**WHAT TO PRODUCE:**
Output every line of the material exactly, omitting images.

**DATA BLOCK:**
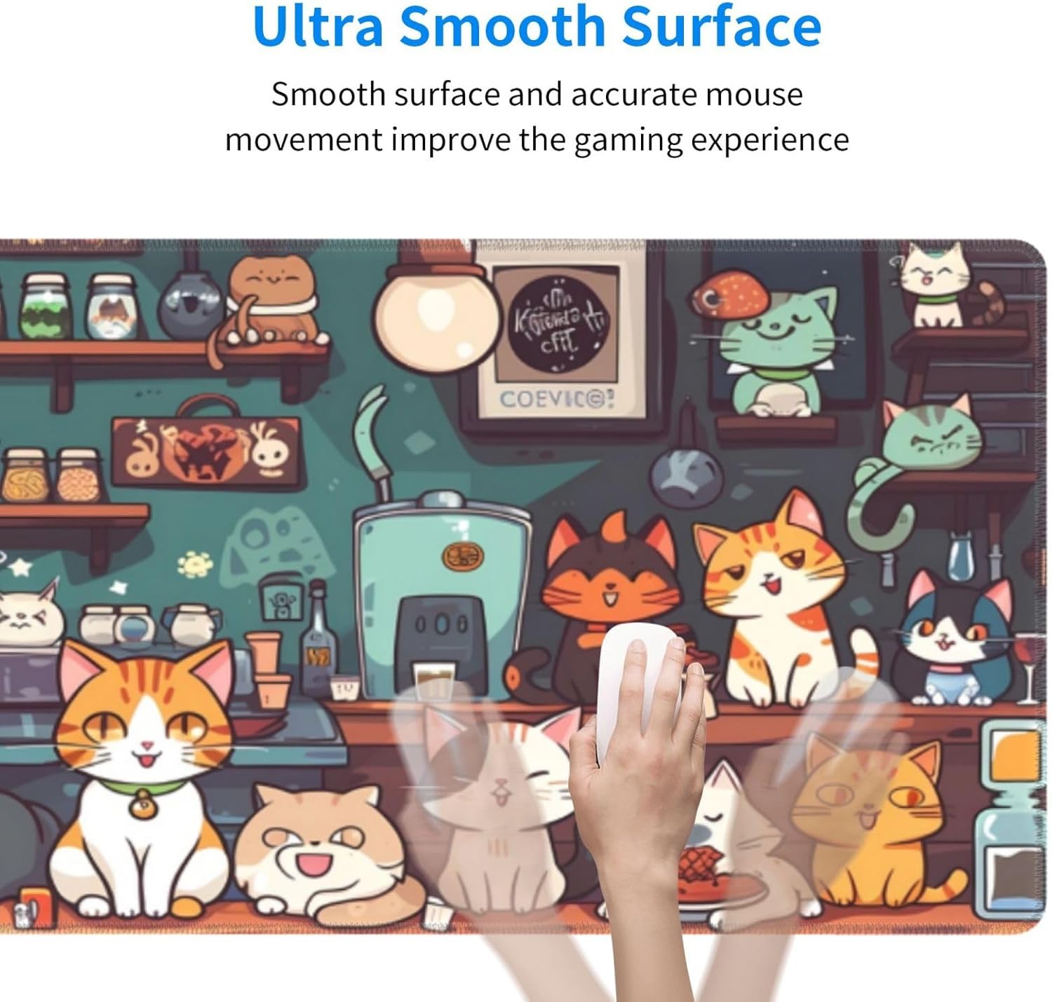 Gaming Mouse Pad Desk Pad,Extended Big Mouse Pad,31.5x11.8 Inch Long Computer Keyboard Mouse Mat Mousepad with 3mm Non-Slip Base and Stitched Edge for Gaming and Office⦠(cat)
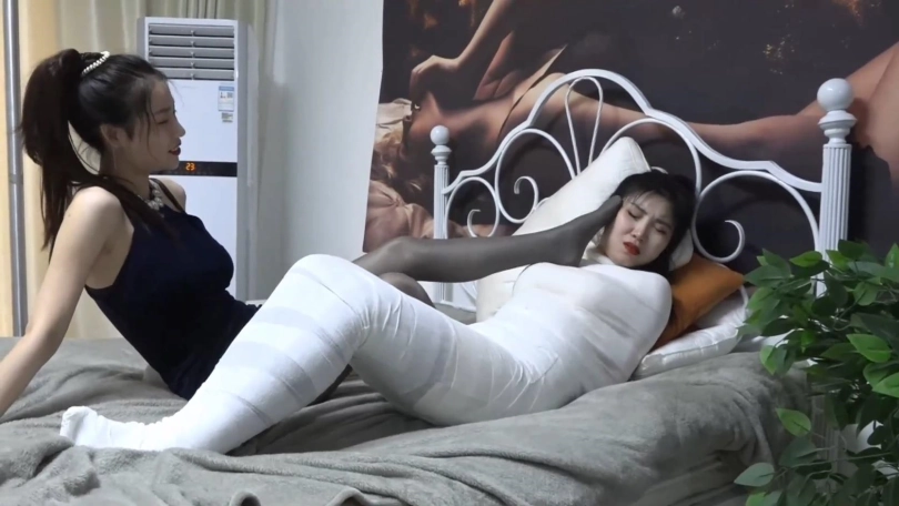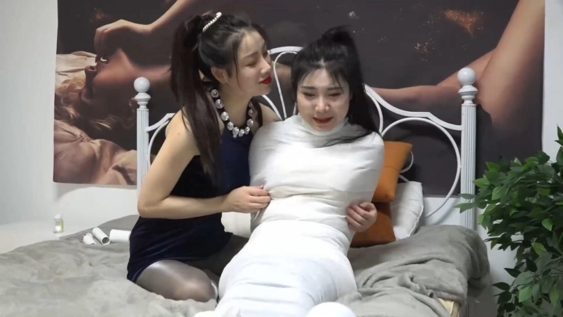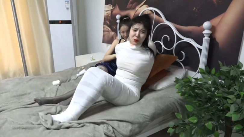 【逍遥】吴晗+柳洋《木乃伊女宠02》明星被包裹成人茧 被化妆喂食 被迫捆绑直播 丝袜美足肆意玩弄
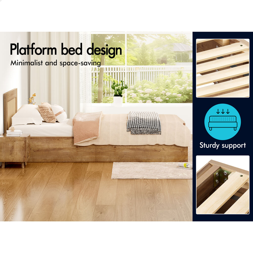 ALFORDSON Wooden Bed Frame Single Size Rattan Bed Base with Storage Drawer Oak
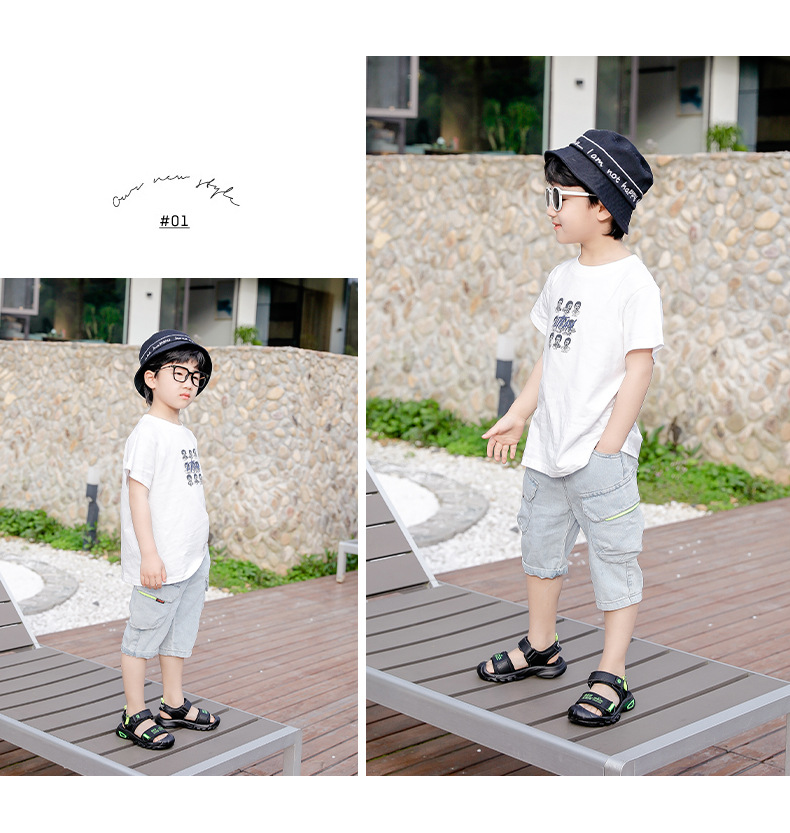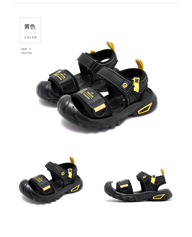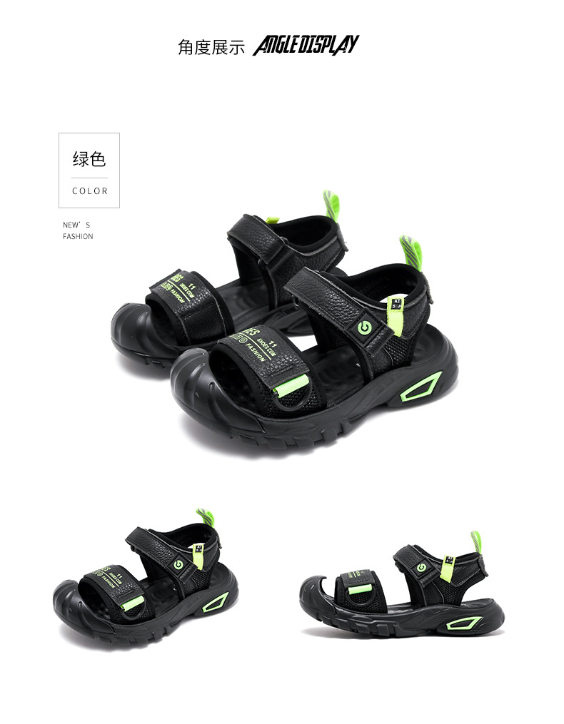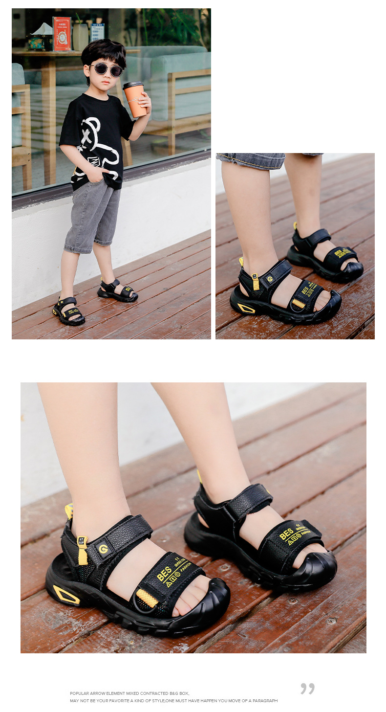 소년 샌들 2023 여름 새 어린이 벨크로 스포츠 초등학생을위한 부드러운 바닥 발가락 샌들

**COMPLETED EXERCISE:**
 Gaming Mouse Pad Desk Pad,Extended Big Mouse Pad,31.5x11.8 Inch Long Computer Keyboard Mouse Mat Mousepad with 3mm Non-Slip Base and Stitched Edge for Gaming and Office⦠(cat)
 【逍遥】吴晗+柳洋《木乃伊女宠02》明星被包裹成人茧 被化妆喂食 被迫捆绑直播 丝袜美足肆意玩弄
 ALFORDSON Wooden Bed Frame Single Size Rattan Bed Base with Storage Drawer Oak
 소년 샌들 2023 여름 새 어린이 벨크로 스포츠 초등학생을위한 부드러운 바닥 발가락 샌들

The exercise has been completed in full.